Background: Ketamine has been reported to exert rapid and sustained antidepressant
effects in patients with depression, including patients with treatment-resistant depression. However,
ketamine has several drawbacks such as psychotomimetic/dissociative symptoms, abuse potential and
neurotoxicity, all of which prevent its routine use in daily clinical practice.
Methods: Therefore, development of novel agents with fewer safety and usage concerns for the
treatment of depression has been actively investigated. From this standpoint, searching for active
substances (stereoisomers and metabolites) and agents acting on the N-methyl-D-aspartate (NMDA)
receptor have recently gained much attention.
Results: The first approach includes stereoisomers of ketamine, (R)-ketamine and (S)-ketamine.
Although (S)-ketamine has been considered as the active stereoisomer of racemic ketamine, recently,
(R)-ketamine has been demonstrated to exert even more prolonged antidepressant effects in animal
models than (S)-ketamine. Moreover, ketamine is rapidly metabolized into several metabolites, and
some metabolites are speculated as being active substances exerting antidepressant effects. Of such
metabolites, one in particular, namely, (2R,6R)-hydroxynorketamine, has been reported to be
responsible for the antidepressant effects of ketamine. The second approach includes agents acting on
the NMDA receptor, such as glycine site modulators and GluN2B subunit-selective antagonists.

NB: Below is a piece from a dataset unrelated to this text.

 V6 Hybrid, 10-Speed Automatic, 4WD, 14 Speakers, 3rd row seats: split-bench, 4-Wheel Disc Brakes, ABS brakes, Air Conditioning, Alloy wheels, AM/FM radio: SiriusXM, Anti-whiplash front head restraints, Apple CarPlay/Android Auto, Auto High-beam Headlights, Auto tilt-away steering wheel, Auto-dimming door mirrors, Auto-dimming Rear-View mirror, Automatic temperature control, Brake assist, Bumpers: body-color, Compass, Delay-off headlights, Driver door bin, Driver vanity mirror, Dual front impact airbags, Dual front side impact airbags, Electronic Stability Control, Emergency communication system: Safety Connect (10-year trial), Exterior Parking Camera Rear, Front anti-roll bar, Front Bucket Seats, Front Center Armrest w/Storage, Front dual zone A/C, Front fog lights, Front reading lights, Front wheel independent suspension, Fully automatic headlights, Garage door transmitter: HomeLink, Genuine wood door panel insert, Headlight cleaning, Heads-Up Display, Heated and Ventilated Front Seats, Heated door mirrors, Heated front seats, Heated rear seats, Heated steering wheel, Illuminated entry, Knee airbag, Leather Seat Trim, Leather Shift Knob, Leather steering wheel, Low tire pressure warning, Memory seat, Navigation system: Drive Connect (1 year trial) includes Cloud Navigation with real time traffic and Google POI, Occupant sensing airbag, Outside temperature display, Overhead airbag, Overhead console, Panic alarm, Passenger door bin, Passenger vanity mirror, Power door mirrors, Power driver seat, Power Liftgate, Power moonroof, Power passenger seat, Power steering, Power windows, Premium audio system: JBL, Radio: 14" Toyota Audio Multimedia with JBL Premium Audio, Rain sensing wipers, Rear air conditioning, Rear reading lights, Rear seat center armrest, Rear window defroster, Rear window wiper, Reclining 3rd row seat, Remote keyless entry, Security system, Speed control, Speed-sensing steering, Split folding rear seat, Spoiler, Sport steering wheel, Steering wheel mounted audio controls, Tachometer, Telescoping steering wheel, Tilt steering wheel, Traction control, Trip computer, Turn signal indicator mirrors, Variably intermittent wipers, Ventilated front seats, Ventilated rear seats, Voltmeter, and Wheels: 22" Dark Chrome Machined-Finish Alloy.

These agents have been tested in patients with treatment-resistant depression, and have been found to
exhibit rapid antidepressant effects like ketamine.
Conclusion: The above approaches may be useful to overcome the drawbacks of ketamine.
Elucidation of the mechanisms of action of ketamine may pave the way for the development of
antidepressant that are safer, but as potent and rapidly acting as ketamine.